Previous reviews are at Mack Pitches Up

Monday, December 28, 2009

Close to Holmes by Alistair Duncan - UPDATED

Subtitle: A Look at the Connections Between Historical London, Sherlock Holmes and Sir Arthur Conan Doyle.

MX Publishing, 2009. ISBN 9781904312505. 206 pages.

UPDATE: I try not to republish posts but it occurred to me that I have a few photographs that supplement this review. Take a look at my Sherlock Holmes set on Flickr.

I didn't have Alistair's book on our visit to London earlier this year but marital harmony it is just as well. My wife doesn't share my interest in all things Holmsian and I have an idea how it would have worked out had I wanted to explore all the locations described by the author.

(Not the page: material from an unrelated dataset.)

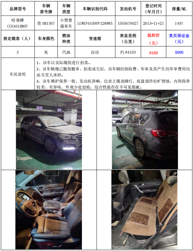 拍品編號6:哈弗牌CC6461RM07小型普通客車1輛(車輛原號牌:貴EM1507)

Duncan's book is not a walking tour but takes the approach of looking at locations in historical London important to both Sherlock Holmes and his creator, Author Conan Doyle (ACD) and why he might have chosen those locations for his stories. The author also provides an historical context for the locations such as construction history and events associated with those locations.

He rightly begins on Baker Street and the conflict over the famous address of 221b. In the 1930s Upper Baker Street and Baker Street were merged and 221 was assigned to Abby House. The Abby Bank at this location capitalized on the famous address and hosted a Sherlock Holmes Exhibition which included a recreation of 221b. The recreation was relocated to the Sherlock Holmes Public House. The Sherlock Holmes Museum is also located on Baker Street. It overcame the unavailability (Abby House refused to give it up) of the famous numbers by registering 221b as a company name allowing it to be displayed above the door without official recognition.

I have visited this museum and it is delightful. The staff is very liberal about photography and provide props for visitors to pose with while having their pictures taken. Scenes and characters from the stories are recreated with mannikins in several rooms. Visitors may be startled at how small the rooms are but this is histgorically more accurate than what we see in the movies, including the latest.

The author does his own detective work in analyzing locations based descriptions in the books. For example, ACD only referred to one actual hotel by name, The Langham Hotel. Doyle attended a dinner there at the end of which he received a commission to write The Sign of Four. The hotel is mentioned in The Sign of Four, A Scandal in Bohemia, and The Disappearance of Lady Francis Carfax. For other hotels, Duncan considers which hotels were on the street at the time, the direction by Holmes might have been walking and makes an informed speculation as to the actual location.

Alistair continues by looking at famous streets (Regent, Pall Mall, The Strand), eating establishments, theatres, railway stations, Covent Garden, hospitals and houses, all important to either or both ACD Sherlock Holmes.

As I mentioned earlier, I didn't have this book with me in London and thus blundered around unaware of the importance of locations. Actually, I have to confess, I was so agog at actually being in London that I didn't have Holmes in mind at all. Heresy, I know! This is embarassing to recount but when we arrived in Paddington Station on the Heathrow Express I didn't stop to think that this is the station mentioned most often in The Canon. Likewise, on the Victoria Embankment looking at the statue of Queen Boudicca (nifty statue by the way, I was ready to attack the Romans myself) while being crushed by Scandanavian and German school groups I didn't know that I was across the street from the building that housed New Scotland Yard until 1967. I'm equally embarassed to mention that I took the tube to Piccadilly Circus on my first night to go to the the Waterstones bookstore not noticing that I passed by the Criterion Theatre, a pivotal location for Holmes stories -- Watson met Stamford in the Criterion Bar which, of course led to meeting Sherlock Holmes. All this and more I discovered reading Alistair's book.

Alistair's book is a nice addition to a Sherlock Holmes reference library, one I will refer to as I read the stories, and one I plan to take with me on my next visit to London.